Virginia’s Uranium Mining Moratorium Should Be Buried, But What About Property Rights?

The earth below the United States contains 5 percent of the world’s known recoverable uranium deposits. More than a quarter of U.S. uranium is found in southern Virginia at Coles Hill near Chatham in Pittsylvania County. The two uranium deposits at Coles Hill are valued at $7 billion and together constitute the seventh largest deposit in the world.

Yet all of it is still in the ground. Over 30 years ago, Virginia placed a moratorium on uranium mining in the state. This prohibition was to be lifted once the state went through the arduous process of drafting uranium mining regulations. Unfortunately, Virginia never got around to writing the rules and the “temporary” ban is still in place. The property owners at Coles Hill and some outside investors formed a company in order to mine uranium once the moratorium is lifted and the onerous regulations recommended by the Uranium Working Group [PDF] are promulgated, but still face stiff opposition from the sadly typical alliance of anti-development environmentalists and ignorant NIMBYs.

This underscores the problem with relying on unreliable and arbitrary regulatory regimes for the ostensible purpose of protecting residents and the environment.
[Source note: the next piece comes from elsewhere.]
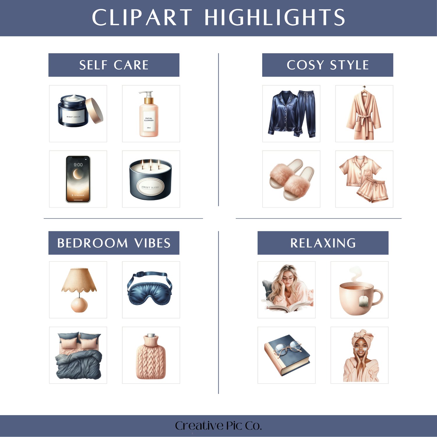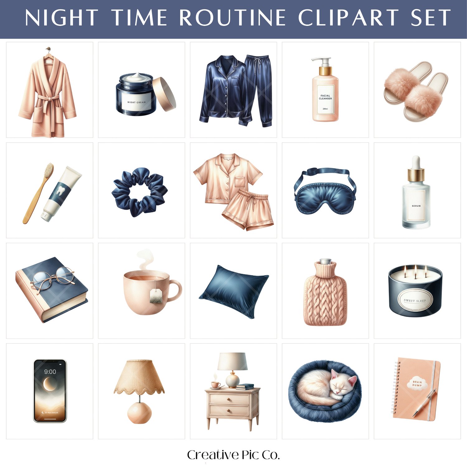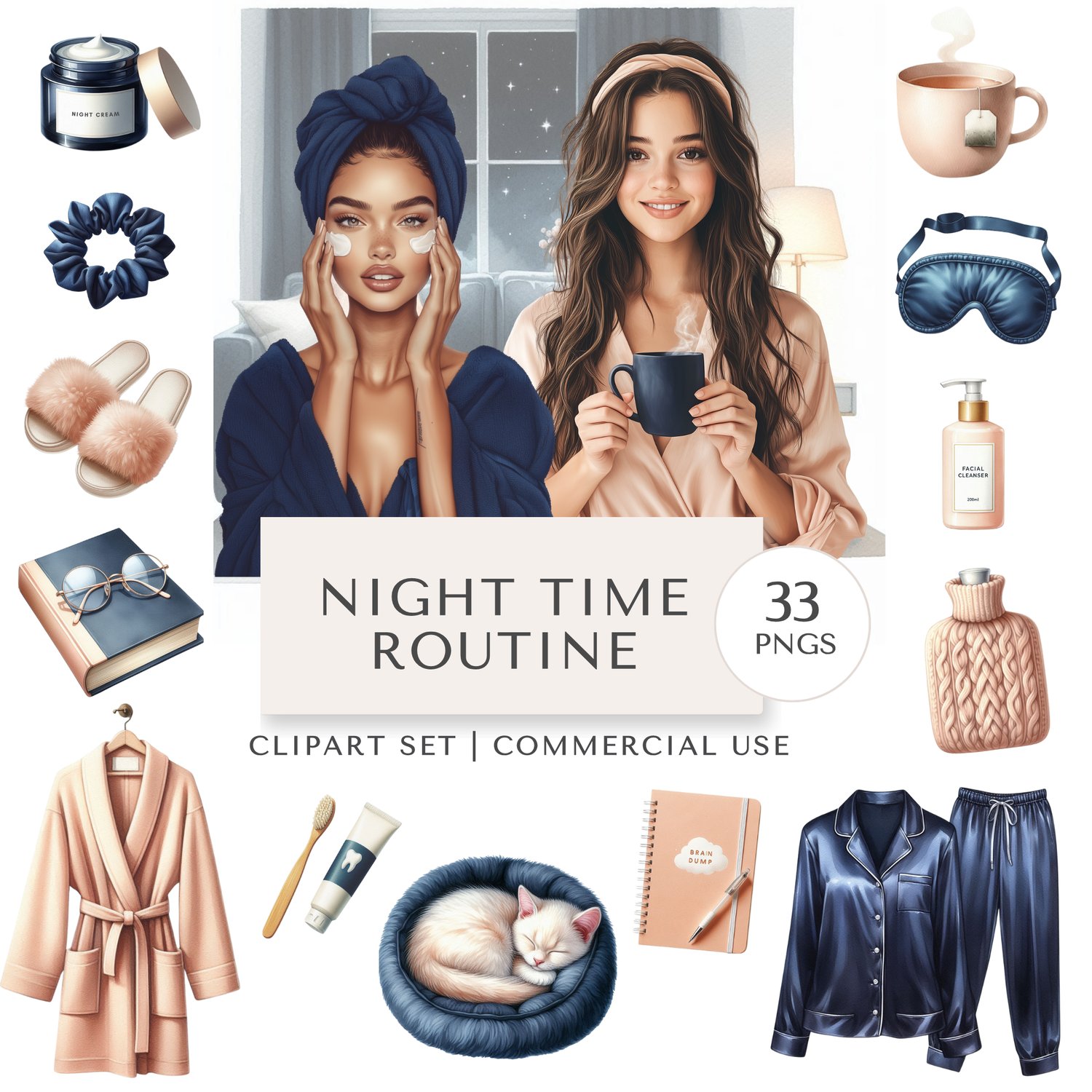 Unwind and get cosy with this Night Time Routine Clipart Collection. Featuring 33 high-resolution PNG illustrations, this set includes everything from satin pyjamas, robes, candles, and tea mugs to scrunchies, lamps, beds, and evening skincare essentials. Designed in a soft watercolour style, it’s perfect for creating calming planner spreads, wellness journals, sleep hygiene, cosy lifestyle branding, and social media graphics with a soothing nighttime aesthetic.

Few dispute that responsible, safe uranium mining is possible and indeed practiced throughout the world, especially in major uranium-producing countries such as Australia and Canada. Instead of increasing regulation on mining, however, a more thoughtful approach would focus on strengthening property rights so that those doing the mining face incentives to extract natural resources without harming adjacent property owners.
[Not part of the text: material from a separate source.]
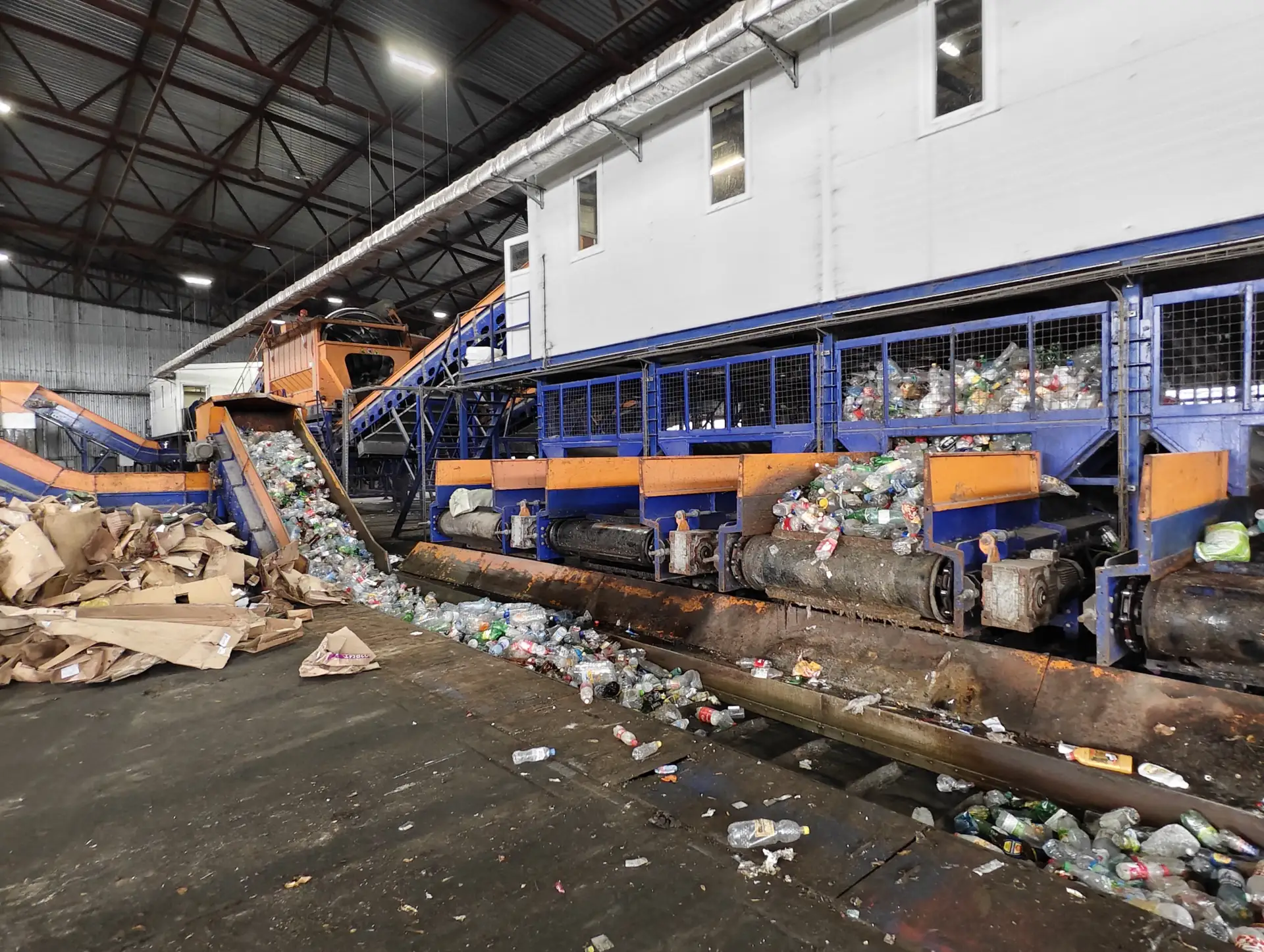 С помощью мощных фронтальных погрузчиков отходы попадают на транспортёры, а затем — в сортировочное отделение. Там специальные линии отбирают полезные фракции: картон, пластик, стекло, металл.

Robust private property rights — those which are well defined, well defended, and voluntarily transferable — are the most critical underpinning of any free society. It should not be surprising that they are also the best tools to protect others and the environment from potential hazards. (For a brief discussion and defense of free-market environmentalism, see “Liberty, Markets, and Environmental Values” by Mark Pennington.) Pollution in this context constitutes a trespass against those rights and the injured owner can file suit to halt harmful activity and collect damages. But relying on the regulatory state in an attempt to protect the environment essentially grants polluters additional rights while preventing property owners from exercising their rights to defend their own property from pollution. This false commons is forced upon society by government and the predictable tragedies result again and again. Unfortunately, these state-caused disasters often only embolden far-left environmentalists in their calls for doubling down on failed regulations.
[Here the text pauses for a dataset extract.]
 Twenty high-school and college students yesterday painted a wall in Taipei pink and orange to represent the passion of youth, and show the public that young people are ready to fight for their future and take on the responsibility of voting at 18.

A firm engaged in uranium mining under state and federal regulations has the incentive to follow the regulations to the letter, regardless of how arbitrary or counterproductive they may be. In contrast, robust property rights would incent miners to allocate resources efficiently (after all, pollution is just a form of waste), take immediate risks into account, and prevent expensive trespasses against neighbors.

While this vision of a free society is far different from our current reality — meaning a complex regulatory regime will be practically necessary for uranium mining to take place in Virginia anytime soon — it is important to remember that it is an absence of liberty, rather than an excess, that increases harm done to people and the environment in the first place.